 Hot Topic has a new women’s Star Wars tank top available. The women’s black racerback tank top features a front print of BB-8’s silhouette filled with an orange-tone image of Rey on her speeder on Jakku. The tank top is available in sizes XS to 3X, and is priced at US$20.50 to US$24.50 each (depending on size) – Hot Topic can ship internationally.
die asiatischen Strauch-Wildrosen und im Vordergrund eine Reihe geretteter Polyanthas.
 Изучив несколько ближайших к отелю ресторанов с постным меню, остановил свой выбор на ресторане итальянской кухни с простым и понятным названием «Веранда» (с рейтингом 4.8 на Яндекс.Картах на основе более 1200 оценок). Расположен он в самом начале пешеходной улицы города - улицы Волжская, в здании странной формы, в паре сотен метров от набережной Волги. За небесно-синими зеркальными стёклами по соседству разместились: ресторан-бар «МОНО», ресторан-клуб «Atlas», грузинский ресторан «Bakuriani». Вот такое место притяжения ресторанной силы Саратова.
--
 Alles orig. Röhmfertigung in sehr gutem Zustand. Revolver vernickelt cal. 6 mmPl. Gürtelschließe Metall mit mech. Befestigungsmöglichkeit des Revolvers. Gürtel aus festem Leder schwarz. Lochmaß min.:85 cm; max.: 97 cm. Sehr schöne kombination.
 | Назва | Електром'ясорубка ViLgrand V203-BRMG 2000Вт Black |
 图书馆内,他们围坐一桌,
==
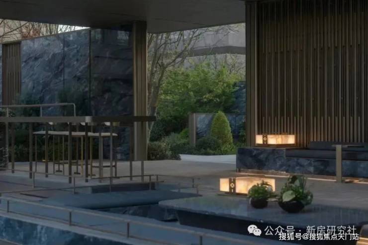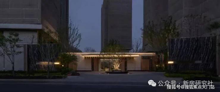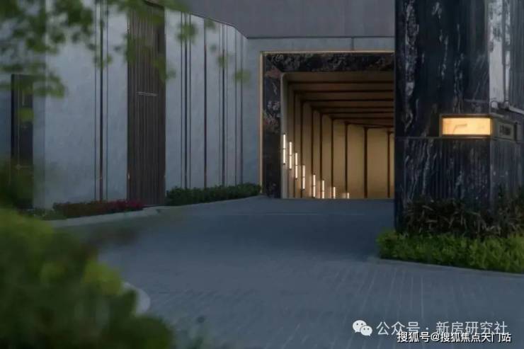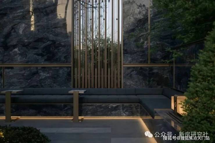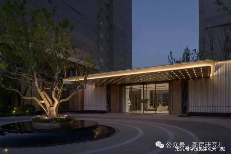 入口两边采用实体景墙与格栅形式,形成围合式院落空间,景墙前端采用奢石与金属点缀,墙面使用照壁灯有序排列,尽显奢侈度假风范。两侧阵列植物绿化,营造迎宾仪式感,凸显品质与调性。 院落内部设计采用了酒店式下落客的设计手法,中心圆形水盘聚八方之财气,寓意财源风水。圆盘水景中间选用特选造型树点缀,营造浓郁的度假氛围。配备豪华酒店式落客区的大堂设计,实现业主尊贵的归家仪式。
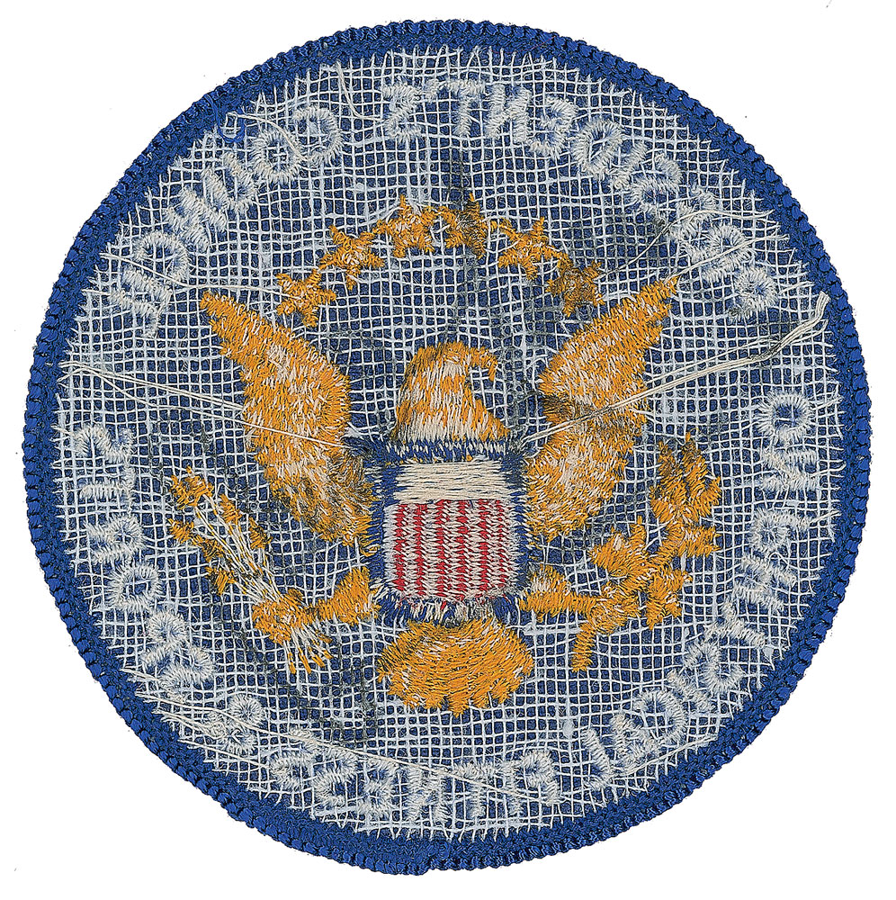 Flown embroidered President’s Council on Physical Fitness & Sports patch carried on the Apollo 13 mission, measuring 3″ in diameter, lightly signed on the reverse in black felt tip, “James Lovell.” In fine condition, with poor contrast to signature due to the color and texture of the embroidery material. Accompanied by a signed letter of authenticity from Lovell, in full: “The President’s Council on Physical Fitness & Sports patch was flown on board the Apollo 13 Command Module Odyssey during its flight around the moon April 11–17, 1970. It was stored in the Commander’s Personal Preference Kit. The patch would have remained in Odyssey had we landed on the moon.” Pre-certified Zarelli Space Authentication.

- Exercise brief: All lines above from the one holding "Hot Topic has" to the one holding "Изучив несколько ближайших", inclusive, are to be copied exactly; no other line is wanted.

- Task response:
 Hot Topic has a new women’s Star Wars tank top available. The women’s black racerback tank top features a front print of BB-8’s silhouette filled with an orange-tone image of Rey on her speeder on Jakku. The tank top is available in sizes XS to 3X, and is priced at US$20.50 to US$24.50 each (depending on size) – Hot Topic can ship internationally.
die asiatischen Strauch-Wildrosen und im Vordergrund eine Reihe geretteter Polyanthas.
 Изучив несколько ближайших к отелю ресторанов с постным меню, остановил свой выбор на ресторане итальянской кухни с простым и понятным названием «Веранда» (с рейтингом 4.8 на Яндекс.Картах на основе более 1200 оценок). Расположен он в самом начале пешеходной улицы города - улицы Волжская, в здании странной формы, в паре сотен метров от набережной Волги. За небесно-синими зеркальными стёклами по соседству разместились: ресторан-бар «МОНО», ресторан-клуб «Atlas», грузинский ресторан «Bakuriani». Вот такое место притяжения ресторанной силы Саратова.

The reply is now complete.